This rings true. I’ve experienced it myself and seen it in others. We are our best selves when driven by the desire to build strong relationships and be there for people in need. We are willing to sacrifice immediate pleasure when the stakes are higher than our own interests and gains.

Destano concludes that morality, character and grace fuel resolve.

Armed with new knowledge of resolutions, I’d like to make one:

Let’s make 2018 the year of the real apology.

2017 was the year of the non-apology. People in power—politicians and entertainers—made mistakes. Illegal, disrespectful and dishonest mistakes.

Once exposed and given a chance to make things right, many of them “couldn’t recall” what happened. They were sorry “if” someone felt hurt or offended, and often further deflected personal responsibility by saying “that’s not who I am.” Some blamed those they had hurt. Some ran away, issuing statements through their publicists.
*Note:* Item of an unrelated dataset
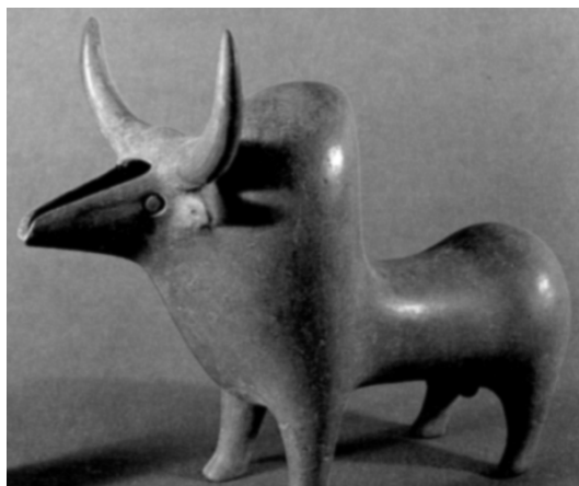
تصویر شماره (۵): مجسمه سفالین مجوف به شکل گاو، به رنگ قرمز پررنگ به ارتفاع ۱۸/۵ سانتی‌متر، مارلیک، سده ۹ و ۸ ق.م. (سفال و سفالگری در ایران، سیف‌الله کامبخش فرد، انتشارات ققنوس، تهران: ۱۳۷۸، ص ۵۱۸).

ریتم، تناسب، تزیین و ... است و نه صرفاً جنبه‌های کاربردی آن. در تصاویر (۱ و ۲ و ۳ و ۴ و ۵ و ۶) ریتم حرکتی حاصل از خطوط موج و سیقل‌یافته فرم بدن این موجودات به خوبی در هماهنگی کامل با تناسب و هم‌نوائی فرم‌های مثبت و منفی قرار گرفته و از این حیث چشم را با توده‌ای مواجه می‌سازد که در تعادلی پویا با فضای پیرامون خویش، رابطه‌فضا-زمانی، که از عمده مؤلفه‌های ارزشی مجسمه‌سازی دنیای معاصر می‌باشد را معنی می‌کند. سفالینه‌های جانوری حاوی نوع و کیفیت خاصی از مضمون و محتوی می‌باشند و به تعبیری شایسته‌تر شامل جنبه‌های فراگیری از معنا هستند. "این‌گونه اشکال نه همان اشیاء را به صورت انتزاعی نشان می‌دهند، بلکه جنبه عاطفی آن‌را نیز جلوه‌گر می‌سازد و چون بر عادات دینی مبتنی

These non-apologies amount to colossal failures of character and leadership. They elevate selfish interests and gains over compassion for others, over genuine desire for personal growth, over the opportunity to influence others with an example of kindness, humility, generosity. If our character is the one thing in life over which we have real control, then we should cultivate it by exercising our gratitude and compassion muscles, which make us more optimistic about the future and strengthens our self-control.

Below is my 2015 Honor Code talk—Honor & Apologies— to students and faculty. In it, I detail the elements of a proper apology. Feels like a good time to resurrect it…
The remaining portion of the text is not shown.